**DATA FOR THIS TASK:**
=-=-=

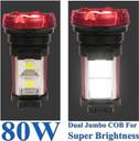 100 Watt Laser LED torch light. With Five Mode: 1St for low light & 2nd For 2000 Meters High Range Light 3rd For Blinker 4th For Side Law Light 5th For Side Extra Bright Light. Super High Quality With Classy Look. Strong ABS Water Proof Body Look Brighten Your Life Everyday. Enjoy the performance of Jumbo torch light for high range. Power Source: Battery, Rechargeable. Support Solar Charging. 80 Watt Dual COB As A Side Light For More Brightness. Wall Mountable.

=-=-=

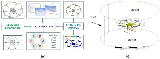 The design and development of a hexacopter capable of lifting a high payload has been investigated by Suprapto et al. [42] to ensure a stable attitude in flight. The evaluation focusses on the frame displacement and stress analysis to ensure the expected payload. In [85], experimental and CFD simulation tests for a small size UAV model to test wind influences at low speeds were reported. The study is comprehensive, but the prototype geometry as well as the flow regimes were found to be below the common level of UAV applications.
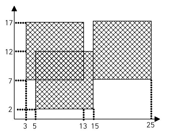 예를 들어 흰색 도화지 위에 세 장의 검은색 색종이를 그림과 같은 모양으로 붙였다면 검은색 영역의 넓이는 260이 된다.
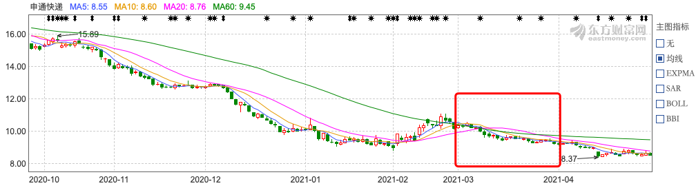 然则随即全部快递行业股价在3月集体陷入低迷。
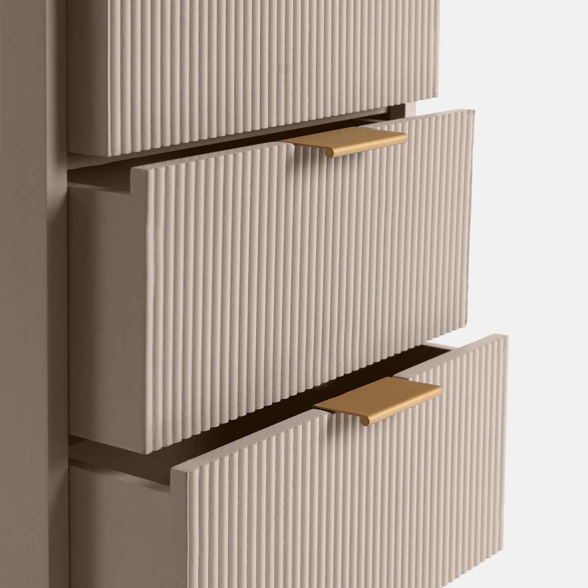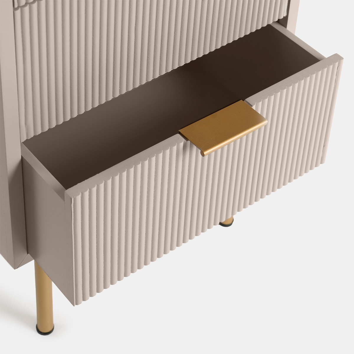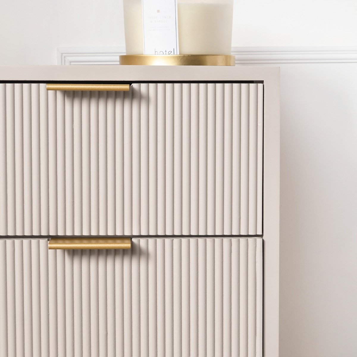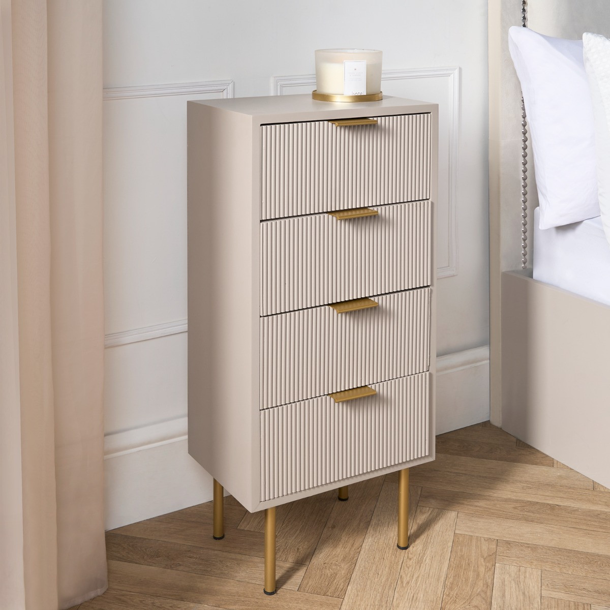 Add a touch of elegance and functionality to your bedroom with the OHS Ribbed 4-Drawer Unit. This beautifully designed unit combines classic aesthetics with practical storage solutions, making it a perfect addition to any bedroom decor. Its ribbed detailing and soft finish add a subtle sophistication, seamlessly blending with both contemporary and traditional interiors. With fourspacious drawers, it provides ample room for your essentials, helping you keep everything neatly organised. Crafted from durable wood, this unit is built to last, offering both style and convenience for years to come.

=-=-=

**ASSIGNED TASK:** Beginning with the line that contains "The design and", write out the lines of the material above exactly, and end with the line that contains "然则随即全部快递行业股价在3月集体陷入低迷。". Omit the pictures.

**TASK ANSWER:**
 The design and development of a hexacopter capable of lifting a high payload has been investigated by Suprapto et al. [42] to ensure a stable attitude in flight. The evaluation focusses on the frame displacement and stress analysis to ensure the expected payload. In [85], experimental and CFD simulation tests for a small size UAV model to test wind influences at low speeds were reported. The study is comprehensive, but the prototype geometry as well as the flow regimes were found to be below the common level of UAV applications.
 예를 들어 흰색 도화지 위에 세 장의 검은색 색종이를 그림과 같은 모양으로 붙였다면 검은색 영역의 넓이는 260이 된다.
 然则随即全部快递行业股价在3月集体陷入低迷。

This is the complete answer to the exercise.